What looks like star moss:
http://photos.mongabay.com/yucatan/cenotes062.html
http://photos.mongabay.com/yucatan/cenotes039.html

Some kind of sword:
http://photos.mongabay.com/yucatan/cenotes190.html
http://photos.mongabay.com/yucatan/cenotes186.html
http://photos.mongabay.com/yucatan/cenotes185.html

If anyone can help me ID these, I'd really appreciate it. I especially like the moss and want to add some to my swordtail biotope.


----------



## junebug (Aug 5, 2013)

Anyone??


----------



## Cavan Allen (Jul 22, 2004)

The first one looks like a _Chara_ species, which are freshwater macro algae. Impossible to say which one, but they are widespread, so you could find something similar. I'm not sure if anyone has really cultured them successfully.

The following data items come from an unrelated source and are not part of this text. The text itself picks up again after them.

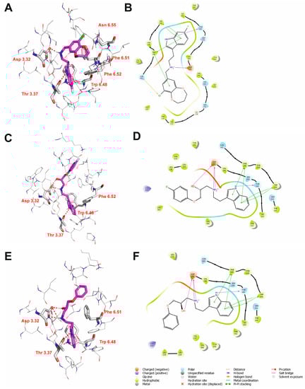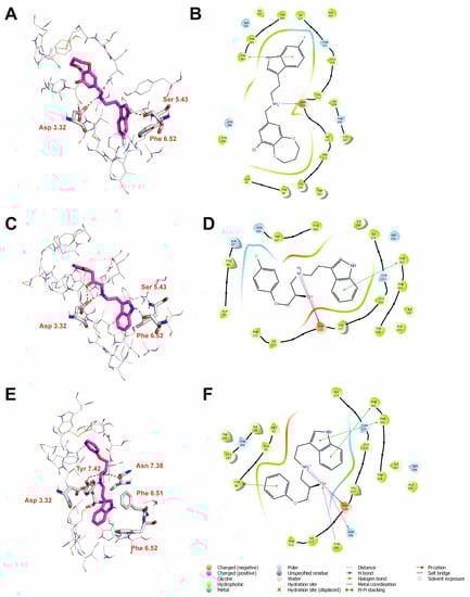 Molecular interactions of D2AAK5 (A,B), D2AAK6 (C,D), and D2AAK7 (E,F) with 5-HT2A receptor based on molecular docking. (A,C,E)—3D details of the binding site. Most important protein residues shown as sticks with grey carbon atoms. Ligands are shown as sticks with magenta carbon atoms. Non-polar hydrogen atoms are omitted for clarity. Polar interactions are shown as red dashed lines. (B,D,F)—2D overview of the binding site.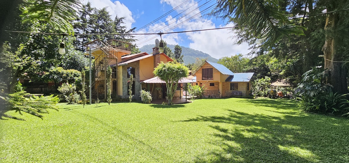 The Charm of the Lake is a two-story house with a rustic-modern design, located right in front of the majestic Lake Coatepeque. Its spacious terraces offer breathtaking panoramic views, perfect for relaxing with a coffee or enjoying unforgettable sunsets. Surrounded by nature and coffee plantations, it is a cozy retreat where the peace and beauty of the lake will captivate you. Enjoy a unique experience with all the comforts and reconnect with nature. Come and experience it!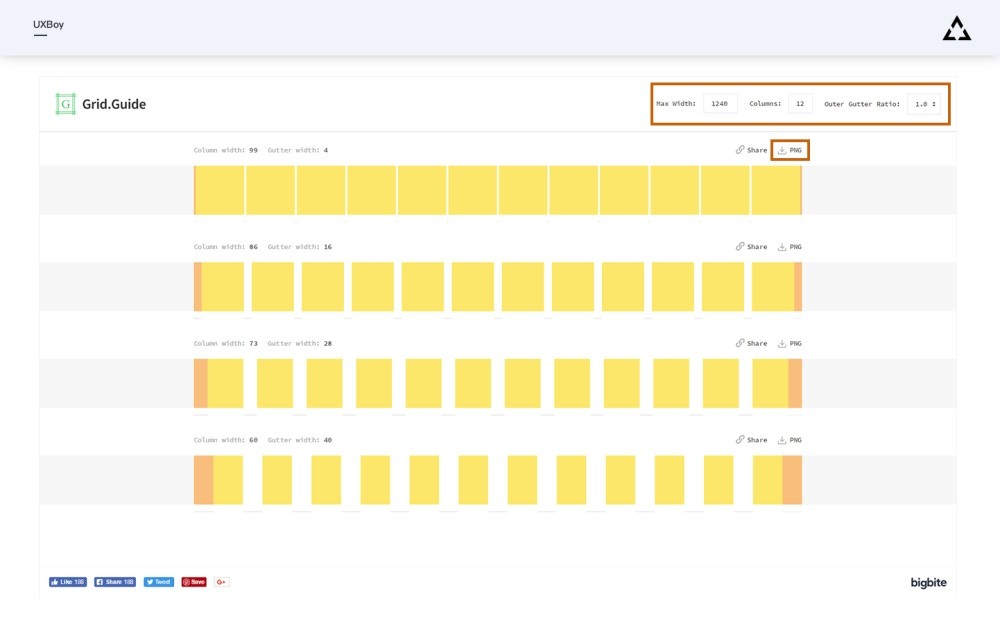 GridGuide 最大优点是可以针对一种栅格系统生成4组不同水槽宽度的栅格化方案,能比较直观的比较不同水槽宽度下各个栅格系统的视觉感受。使用方法:在右上角设置好页面宽度以及栏目数量,页面内就会自动生成可以下载为 png 图片的栅格。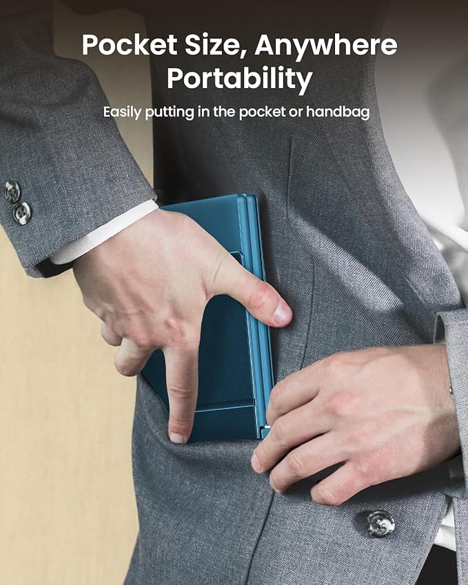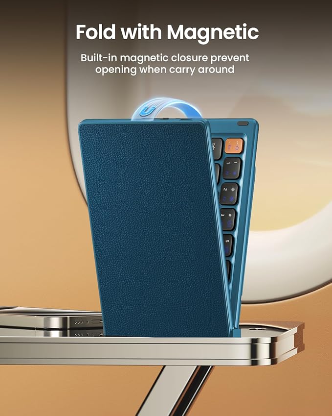 - 【Folding Mini Keyboard】 Only a 7.8-ounce palm-sized foldup keyboard is designed in two-fold and compact enough to save desk space or take it on the go. Covers with PU Leather surface, good texture and protection, a perfect companion for business travelers. Maximum convenience for you with minimum weight and size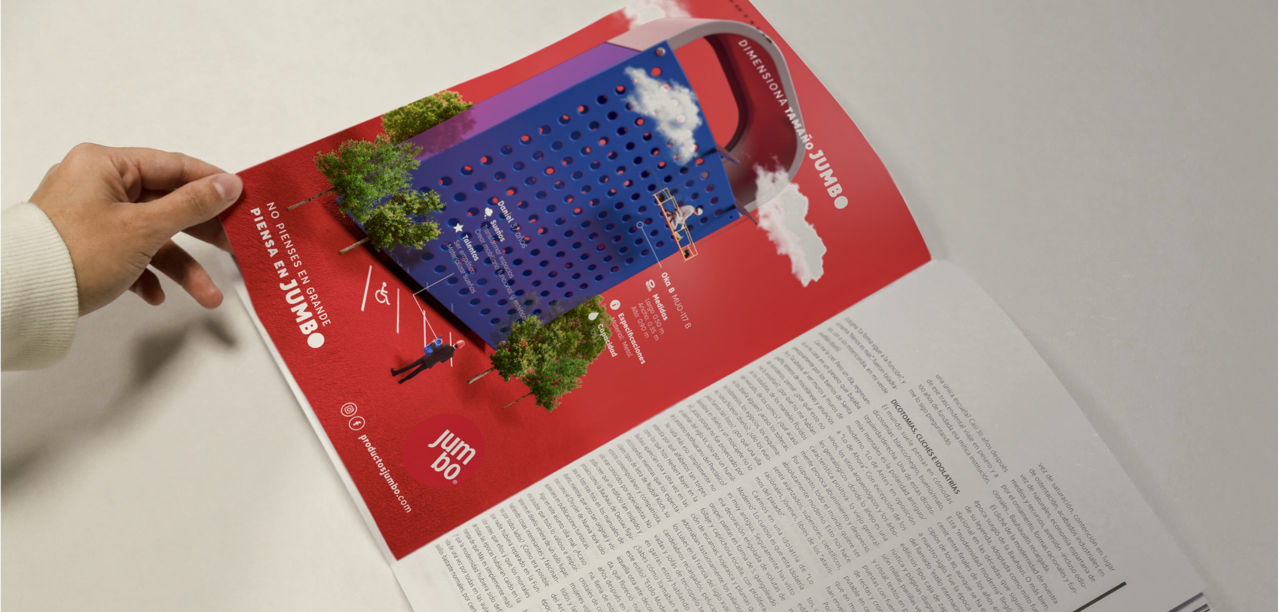 Jumbo no solo es una marca, es un catalizador del cambio. Su esencia radica en transformar ideas en realidades que desafían los límites, donde lo grande es solo el comienzo. Jumbo lleva la imaginación al siguiente nivel, creando espacios que empoderan a las personas y transforman su entorno, creando espacios que:

The other probably is an _Echinodorus_, but again, that's a really tough one. Not so great photos of submersed, sterile specimens? Eh... Perhaps miremonster will have an idea here.


----------



## junebug (Aug 5, 2013)

Thanks for the reply, Cavan.

Ugh, Chara? *ickface* I'm not entirely sure I want stinky algae in my bedroom... lol. I thought it was a nice, heavy moss plant.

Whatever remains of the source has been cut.